So it appears, ladies and gentlemen, that your humble fungus can get a suntan, too. Scientists recently announced that the melanin contained in some darker fungi absorbs and converts potentially dangerous ionizing radiation into usable forms. Which makes the chlorophyll used by green plants look like a little girl.
A couple of years back, scientists sent robots into the extreme radioactivity around Chernobyl and found, living in the reactors, loads of dark fungi, which apparently was just chilling, waiting for somebody to bring it a mojito or something.
In a May 22 Scientific American article, Arturo Casadevall of the Albert Einstein College of Medicine in New York City says, “In many commercial nuclear reactors, the radioactive water becomes contaminated with melanotic organisms. Nobody really knows what the hell they are doing there.”
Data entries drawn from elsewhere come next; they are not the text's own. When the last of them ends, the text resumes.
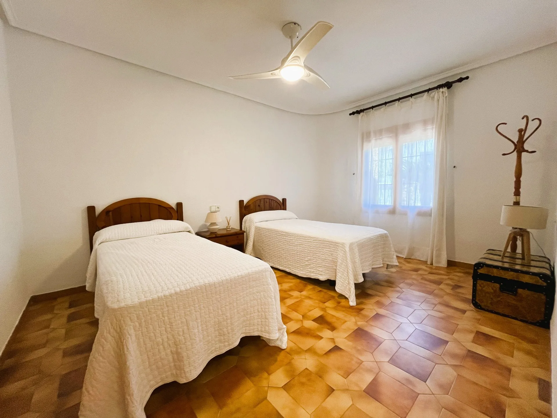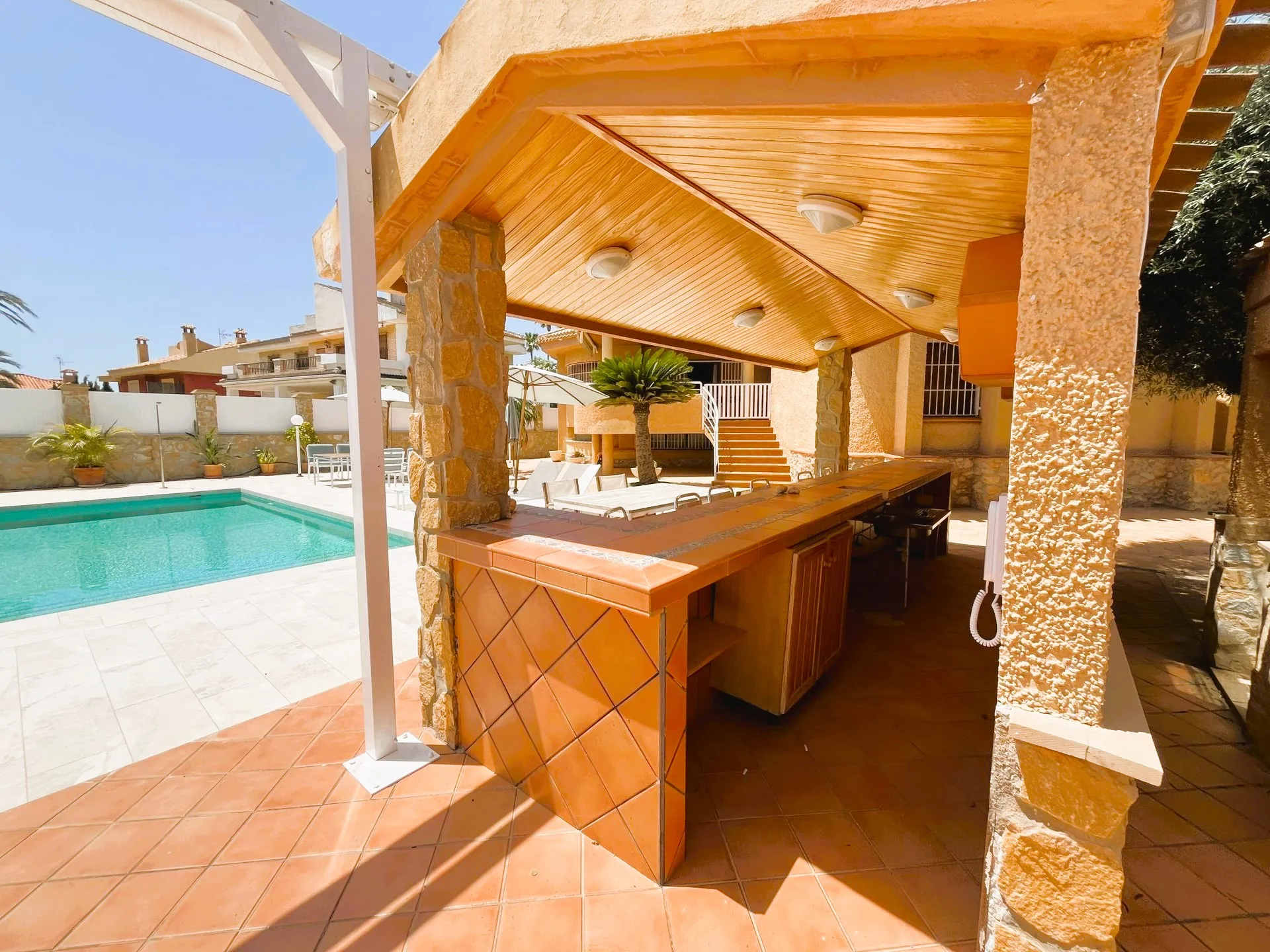 Magnifico chalet independiente en Dehesa de Campoamor a 150 m de la playa. Construido en dos plantas, la vivienda se encuentra en una parcela de 750 m2. Dispone de un amplio jardín con una fantástica piscina privada con zona de bar. Salón con chimenea con salida a un amplio porche con vistas al mar y a la piscina y la zona de comedor rodeada de ventanas que le aporta luz natural. La cocina está totalmente equipada y es independiente, tiene 4 amplios dormitorios todos con aire acondicionado y 4 cuartos de baño, el dormitorio principal con salida a una terraza, vestidor y baño en suite. La privacidad, comodidades y cercanía a la playa hacen de esta vivienda un destino ideal para disfrutar tus vacaciones o una larga estancia. Este chalet no se puede reservar por menos de 11 noches. Es una estancia “mid term” conforme al Decreto Ley 9/2024 del gobierno de la Comunidad Valenciana..
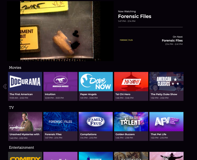 On top of that, the content on Redbox Free Live TV is fairly niche — news and entertainment, but limited to older shows and movies, for the most part, along with content from digital brands.
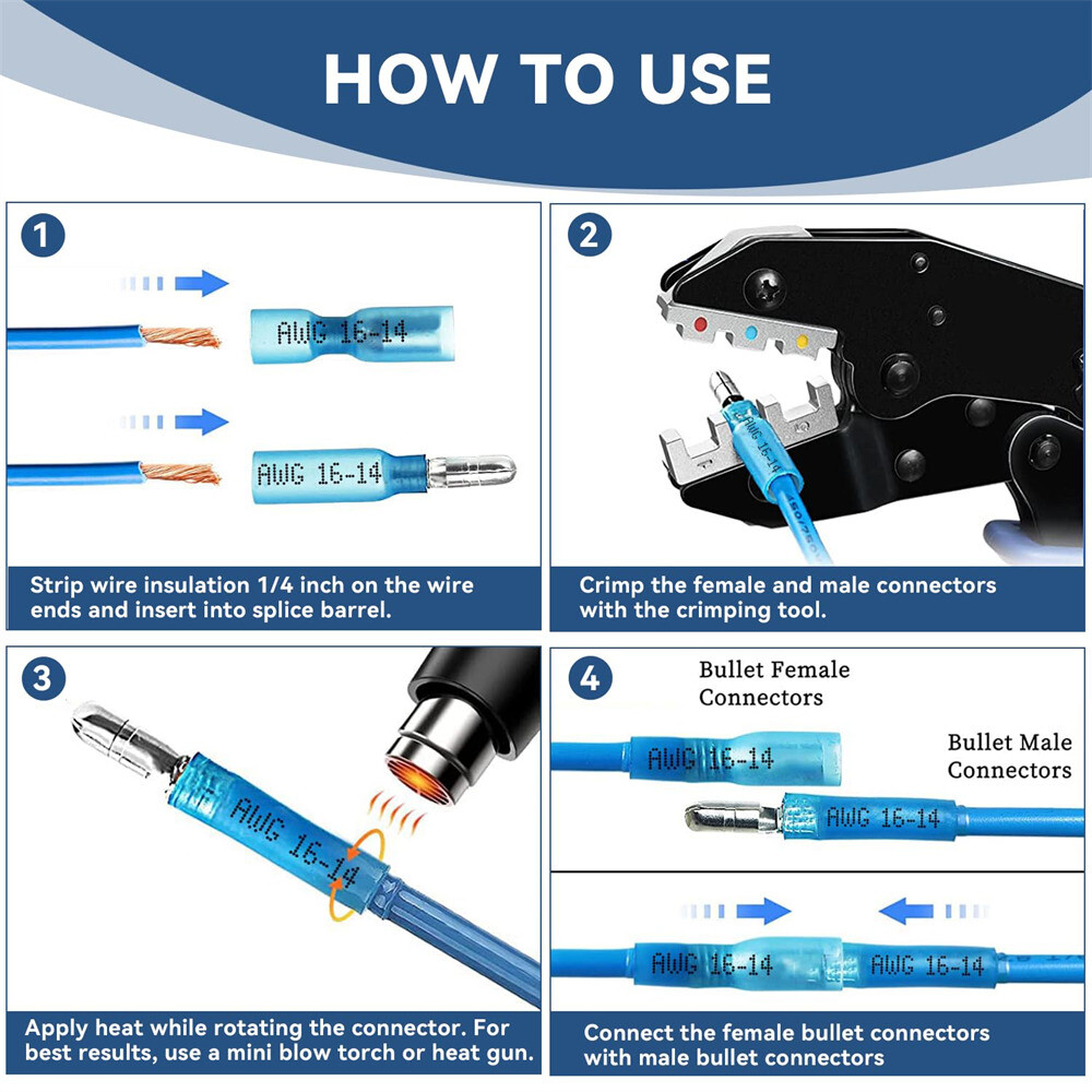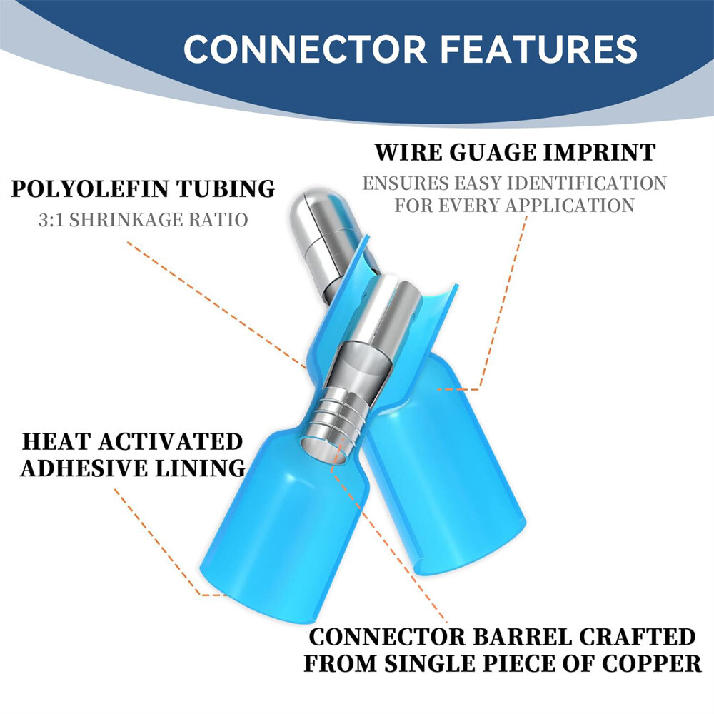 100PCS Blue Waterproof Heat Shrink Bullet Male Female Crimp Terminals Connectors

But apparently they like it quite a bit. What this means is that life is yet cooler than we thought — that not only do organisms rely on sunlight, but other forms of energy can be turned into something to keep life lively. That’s a big deal if it pans out. Fungi are responsible for the breakdown of organic material of course, and that they thrive on a pretty unfriendly form of energy is better than finding out that coat hangers can be turned into lunch meat.
And apparently melanin, the stuff that’s in our skin, is pretty deft at handling a large amount of energy and twisting it into something more manageable and less like something that would blow up a potato in a microwave.
This is good news for space travel, because it means that astronauts could live off tasty fungi in space, which is chock-full of radiation and aliens. The fungi might even be put into clothing that could shield us from cosmic rays.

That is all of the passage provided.